-- WHAT IS NEEDED --
Write out the following listing's lines from the one with "Sous-sol : atelier, garage" to the one with "Bursa'nın İnegöl ilçesinde", exactly, with both included and no others.

-- STORED DATA --
▬▬▬▬▬▬
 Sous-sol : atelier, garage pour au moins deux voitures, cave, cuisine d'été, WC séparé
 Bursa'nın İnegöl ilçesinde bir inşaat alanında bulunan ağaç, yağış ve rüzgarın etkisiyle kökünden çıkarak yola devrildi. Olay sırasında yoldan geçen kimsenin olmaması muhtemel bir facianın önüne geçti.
▬▬▬▬▬▬
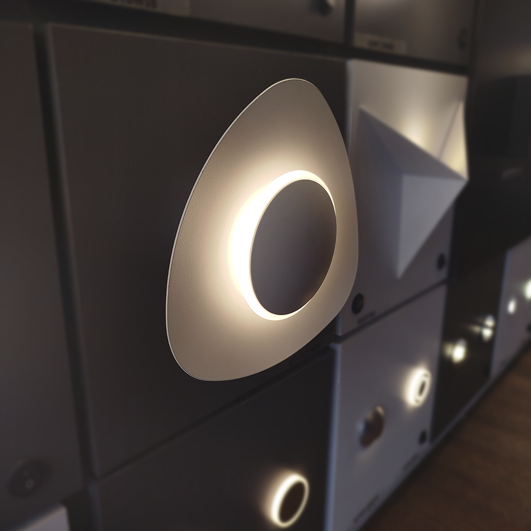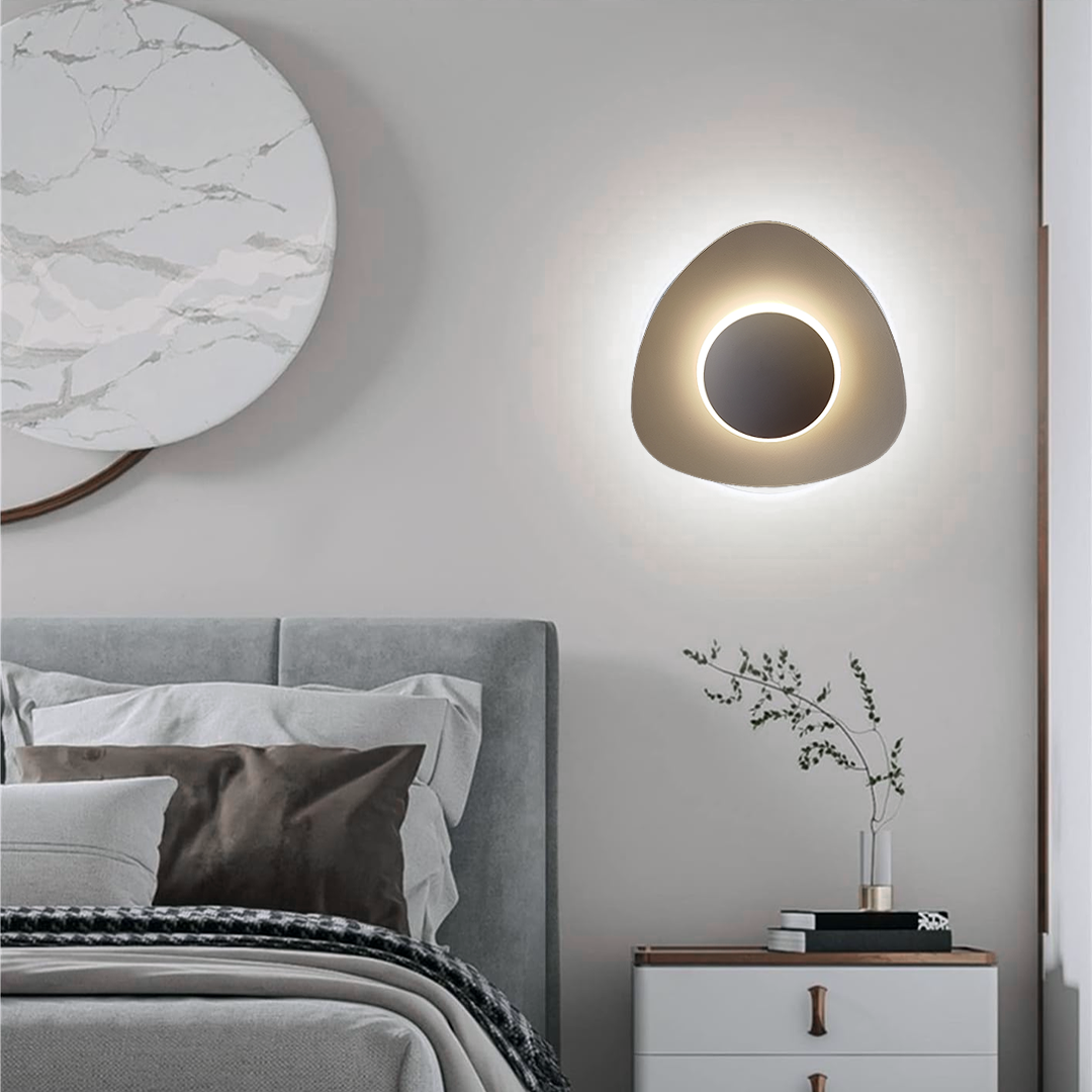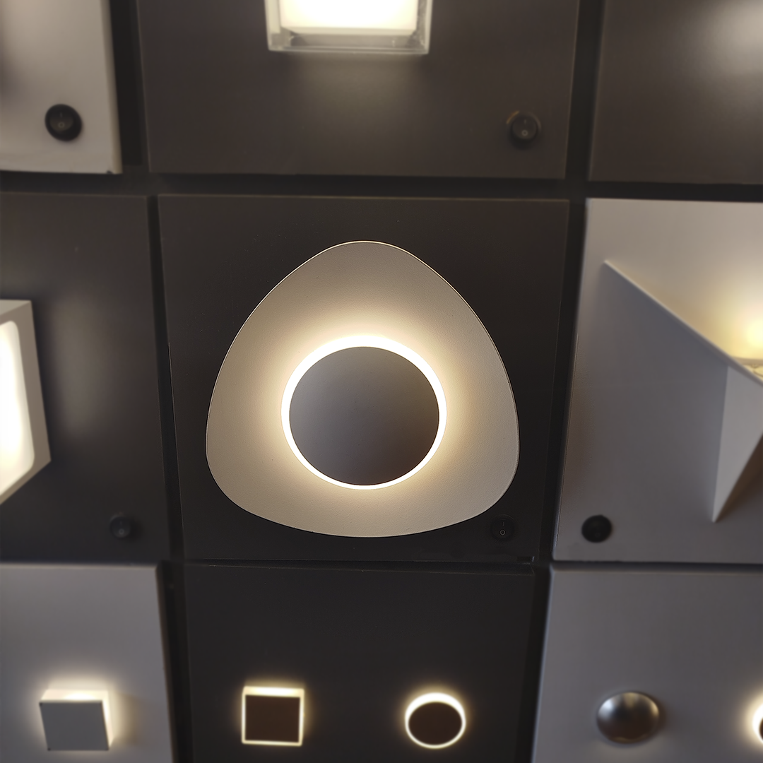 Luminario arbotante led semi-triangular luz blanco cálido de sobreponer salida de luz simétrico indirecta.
▬▬▬▬▬▬
-- ANSWER AREA --
 Sous-sol : atelier, garage pour au moins deux voitures, cave, cuisine d'été, WC séparé
 Bursa'nın İnegöl ilçesinde bir inşaat alanında bulunan ağaç, yağış ve rüzgarın etkisiyle kökünden çıkarak yola devrildi. Olay sırasında yoldan geçen kimsenin olmaması muhtemel bir facianın önüne geçti.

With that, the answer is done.